23 January

Talking To My Tree

by Jon Katz
Self-Determination Tree

 

The first thing I look for every morning when I get up and out of bed is this tree, tall and proud and alone out in a huge corn field in the valley across from the farmhouse, perhaps a half-mile away. I call it My Tree because I once swore an oath to it that I would stay true to my wish for a life of self-determination, no matter where it led. At the time, and still, I have believed – as Joseph Campbell wrote – that human beings are either mythically  or security driven. The people who come up to me at readings and clasp my head and tell me of their dreams would be mythically driven. I don’t imagine too many people who are security driven would love this blog or hang around too long, although they are very welcome.

Thoreau urged us to live in the direction of our dreams, and there we would find happiness, love, creativity and purpose. He worshiped the idea that everyone dances to their own drum, and we have no right to tell anybody else how to dance. I believe he was correct and I work every day to do that. My Tree has stood out in the pasture for as long as anyone can remember, and the farmers over the years have cut down all of the other great trees that once surrounded it. None of them could bear to take this one down. It stands as a witness to time and place, and has great presence.

I talk to the tree of Moral Identity. What I want in life. A considered life.  With laughter and connection. Animals feed my humanity and compassion, and the better I treat them, the more my life seems to grow. I am still at it, Tree, as are you. I am making my own decisions, learning to trust myself, to live in hope and light.

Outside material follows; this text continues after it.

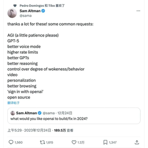这份清单其实起源于12月24日,奥特曼在社交媒体上发布了一条征集帖“你希望OpenAI 在2024年能做到哪些事情?”他的粉丝回复热情很高,奥特曼梳理了一份List(如图片所示),除了在AGI旁边标注了“还需要点耐心”的字样外,其它的愿望清单都没有做任何标注,我们有理由相信,也许奥特曼认为其余目标都有可能在2024年做到。
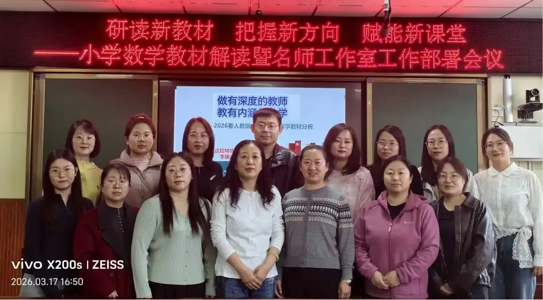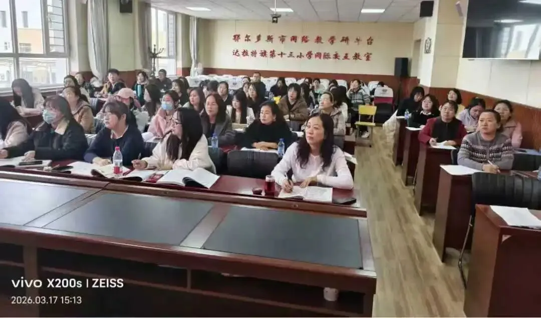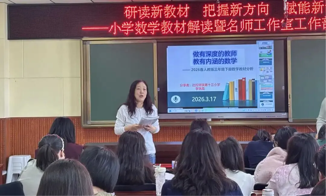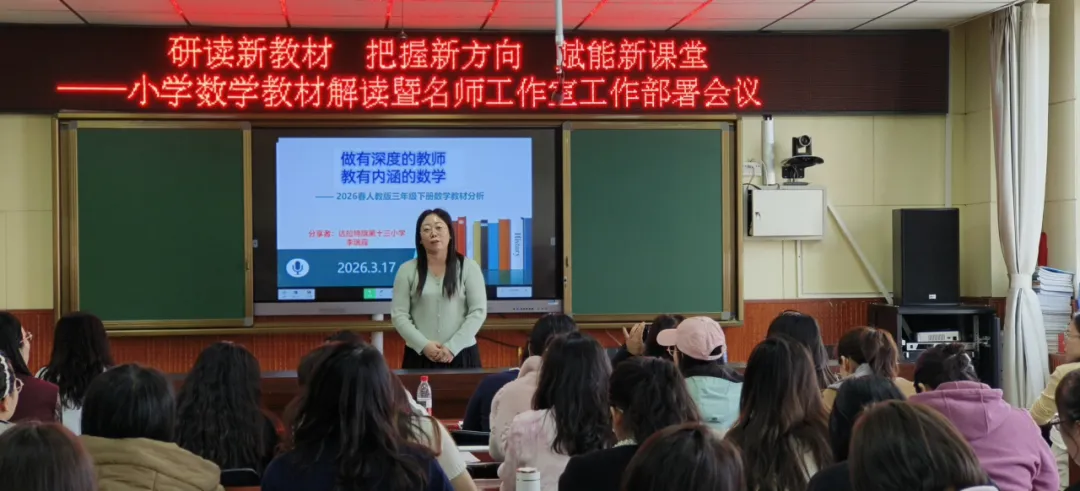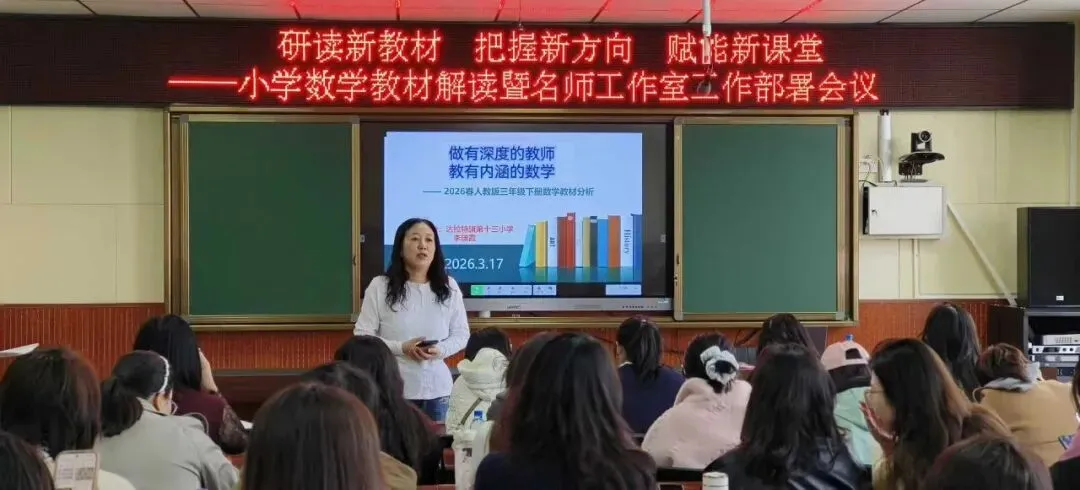 春风送暖,研思致远。为精准落实义务教育数学课程标准要求,扎实推进新教材教学落地,2026年3月17日下午,小学数学三年级下册教材解读暨韩丽名师工作室(第25期)学期工作部署会议在第十三小学二楼会议室隆重召开。全旗三年级数学教师及韩丽名师工作室全体成员齐聚一堂,共赴这场聚焦核心素养的教研之约。

I won’t quit, and I know you won’t either. I know one morning I will look out my window and you will be gone, chopped down, taken by loggers, bulldozed or splintered by lightning. Or perhaps I will go first and you will not hear my voice one morning, across the misty fields. But I appreciate you. You inspire me every single day to turn away from anger and fear and cruelty and to live a good life filled with love.

I have talked to the Tree every morning to tell us how it is doing, but I have never visited it. I have an itch to do that if the farmer will let me.